# Murder Party (It's a Killer)



## frightmaster (Jun 8, 2004)

Myself and Spiderella are planning to host a Halloween party with a theme of a murder scene. The issue here is we do not have much money to dump into this years Halloween season being we are planning a wedding in the future. Does anyone have any ideas? I know I can use body bags and crime scene tape and stuff like that. I want to go beyond this? 

Also, what woudl you think about making the guest dress a certain way?


----------



## sisvicki (Jan 30, 2004)

Frightmaster, are ya gonna play a murder mystery game? I am thinking about hosting a murder mystery clue hunt this year, thinking it would be a little easier on my budget than my previous parties (AND something a little different).

My thought with my party was to send out a teaser to the guest list, early on, as a clue that would tie into my game, with no return address on it. Then later, send out a pre-invite, list the date of the party but not where or the time, asking folks to RSVP with a postcard that they will list their team members (4-5 people). Then the week before, send out the first clue, with the time and whereabouts to show up to start the hunt.

I would also ask folks on the pre-invite to dress as their favorite detective or sleuth or crime fighter. They could have the option of dressing as a team (like Scooby Doo) or individuals (like Nancy Drew and the Hardy Boys). The costume could be elaborate or simply wear a fedora.

Then they go on the clue hunt, all over town, to solve the murder case (the scene of which would be the first destination, listed in the invitation). When they get to the end of the hunt, they get led to the party spot, and since I've asked them to bring a dish to pass, we tally up the best time, see who the winner is, eat, drink and be merry. And give out hokey prizes, of course.
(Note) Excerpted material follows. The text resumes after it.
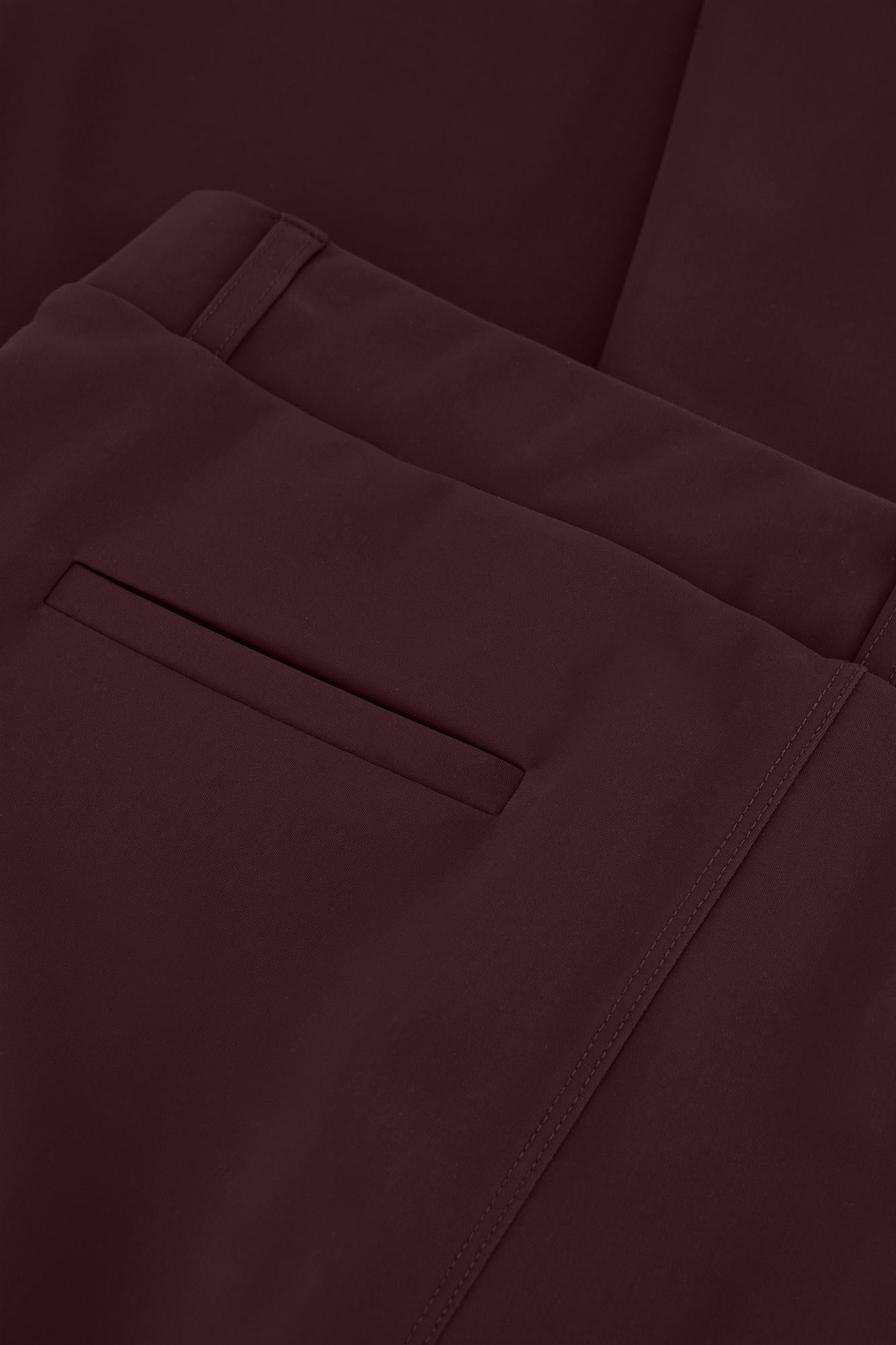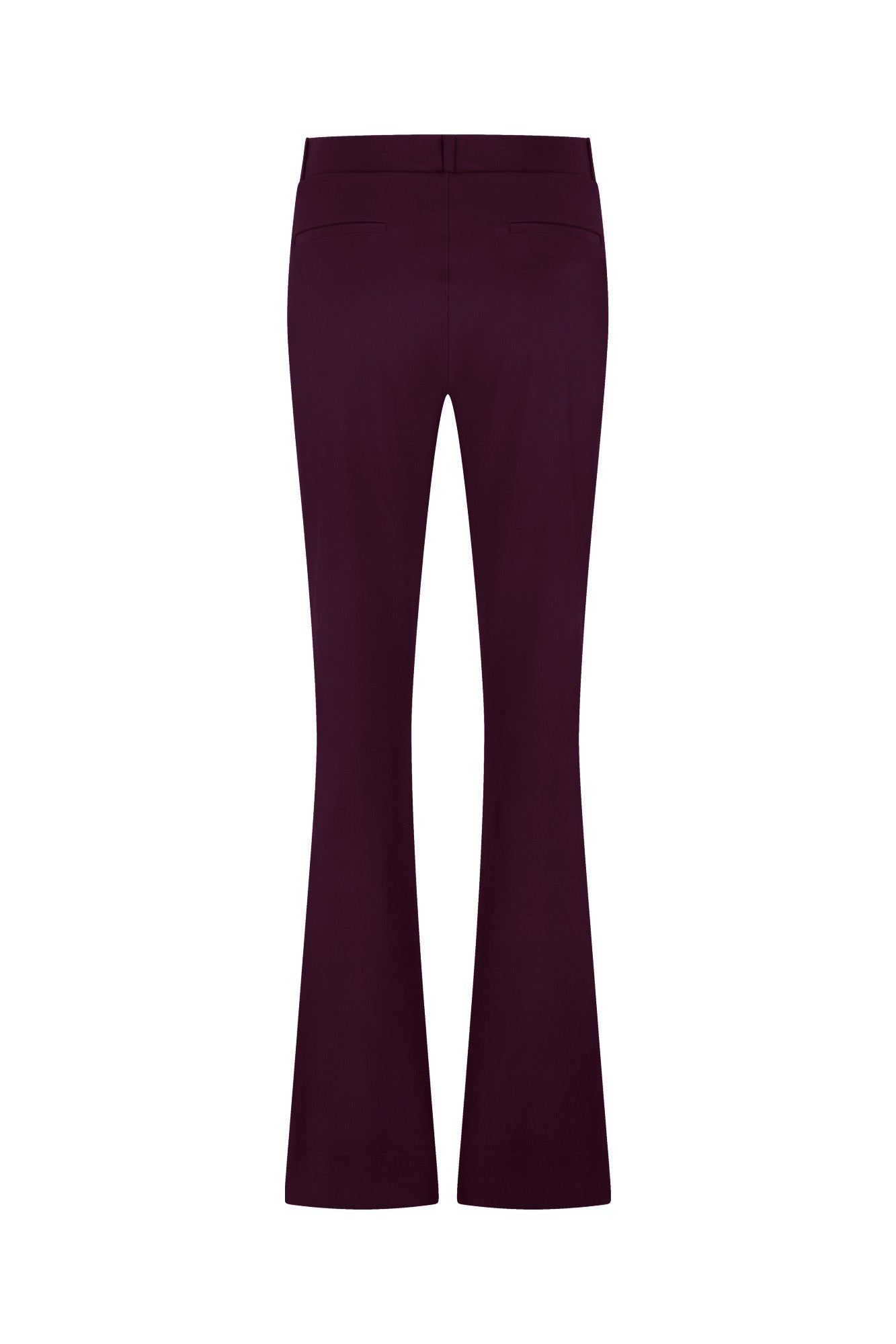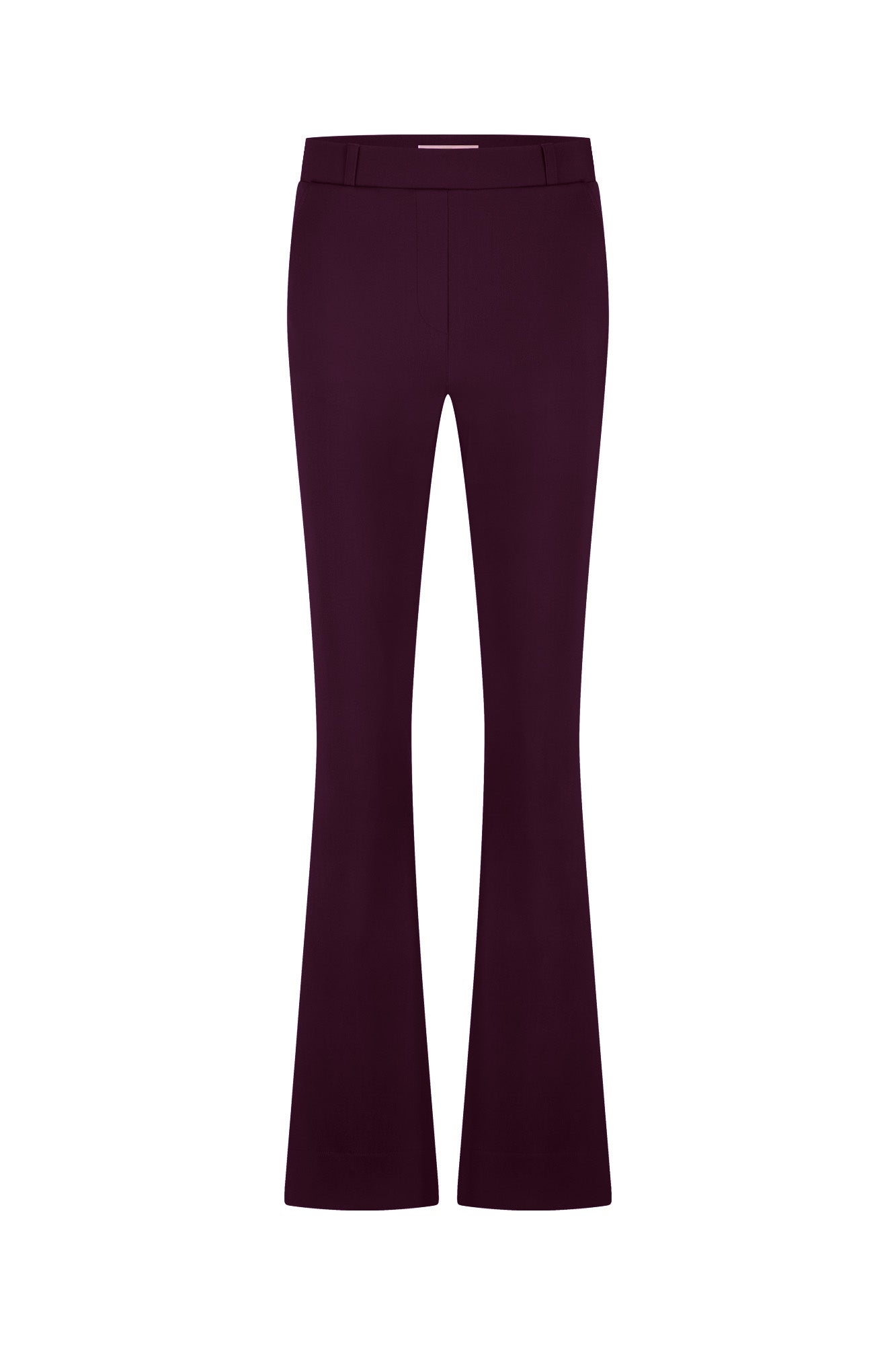Flair bonded trousers van Studio Anneloes is een broek met flared fit. De kleur is diep aubergine en het dessin is effen. De tailleband heeft riemlussen; de voorkant oogt clean. De pijp sluit aan tot aan de knie en loopt uit, zodat je benen langer lijken. Geen logoprint, gewoon tijdloos.

The most work in this is setting up the game. It takes alot of work before hand.


----------



## LHALLOW (Aug 10, 2004)

Wow Sis, you've put a lot of thought into that! We're having a murder mystery this summer but everything came in a box. Invites, stories, costume ideas, menu, music. I'm just happy because its a Chicago based Mobster murder mystery!!


----------



## CreepyKitty (Jul 19, 2004)

The idea sounds great Frightmaster!!

This is from my personal experience though. (not really giving any advice becasue I don't know the people you are going to invite, and I don't know if they are really into the party like you and Spiderella are.) One of my theme parties I had back in high school was called "The Rocky Horror Halloween Party". All of my friends loved the idea. On the invitations I had put "Theme Costumes Necissary". After I sent out the invites I got a lot of calls from people who were going to come saying stuff like "Where do I find a Rocky Horror Costume?" Or "I don't have the money to get a costume this year." This created a big problem for me. I also had one girl call that was like "I have never seen Rocky Horror" So you can imagine me sitting there trying to explain this movie to this poor person who has never experienced it. For most of the people who called about it though I just reccommended that they dress like a Transylvainian and I would supply the party hats, white gloves, and sunglasses for them. And with my friends who really wanted to be a character, I had already had a couple of the character costumes myself, so I let them borrow them for that night. I think it might have been the theme of the party that made it so difficult, but to me I had to take time out of planning the actual party to help a ton of people find costumes for it becuase they really wanted to come and I put "Theme Costumes Necissary" on the dang invite. hehe.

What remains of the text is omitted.